Актуальность прекрасного — страница 63 из 73

. Это должно означать, что восприятие больше не сливается с прагматическим контекстом жизни и не получает свою определенность от него, а предстает в полноте своей собственной значимости. Чтобы эта формулировка выявила свой действительный смысл, разумеется, требуется ясность и в том, что означает восприятие.

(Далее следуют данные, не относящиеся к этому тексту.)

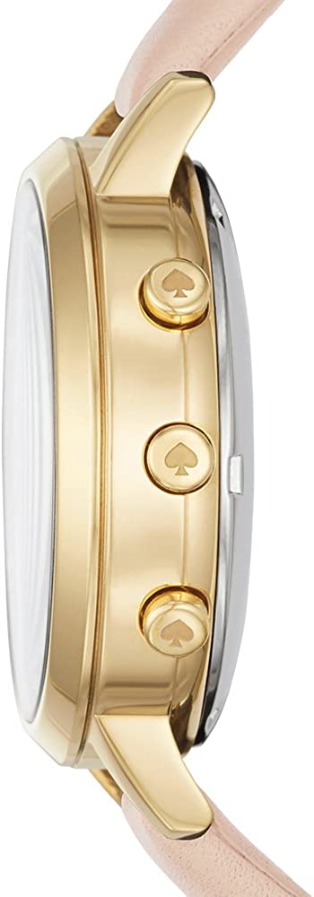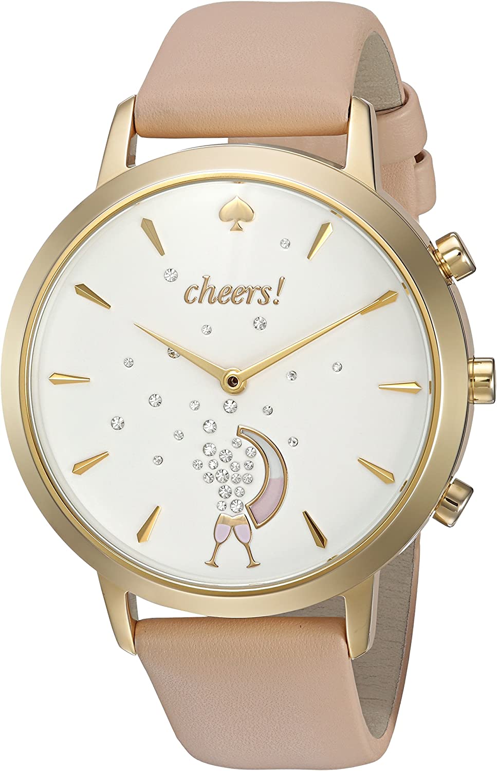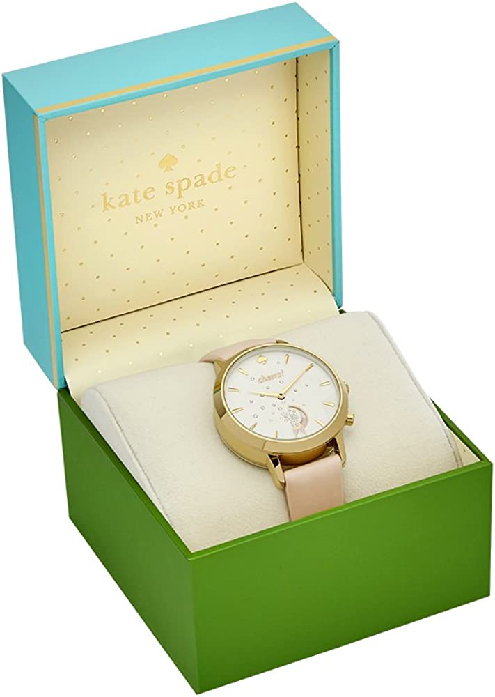 Your watch alerts you with light notifications, controls music, automatically updates time zones, takes selfies and never needs charging. And, with a vachetta leather strap, gold-tone case and classic white dial (with champagne glasses spouting crystal bubbles at the six o'clock index), it's as chic as it is functional. Compatible with Android OS 4.4+ or iPhone 5/iOS 8.2+ and bluetooth smart enabled / 4.1 low energy. The battery life can be up to 6 months and your package includes a caseback changing tool.

Естественно, восприятие не должно пониматься так, как оно понималось Гаманом во времена расцвета импрессионизма: человек как бы эстетически реагирует исключительно на так называемую «чувственную оболочку вещей». Воспринимать— это не только собирать различные впечатления чувств. Как об этом говорит само слово, воспринимать (wahrnehmen) — это принимать нечто как истину. А это означает, что предлагаемое чувствами рассматривается и воспринимается как некая определенность. Это одностороннее, догматическое понимание чувственного восприятия, рассматриваемое обычно как мера эстетического. В результате размышлений в своих собственных исследованиях я пришел к нестандартной формулировке, должной передать глубинную суть восприятия, — «эстетическая неразличимость» [346]. Я полагаю, что это искусственный способ, если умение судить «чисто эстетически» приобретается ценой отказа от смысловой стороны художественного образа.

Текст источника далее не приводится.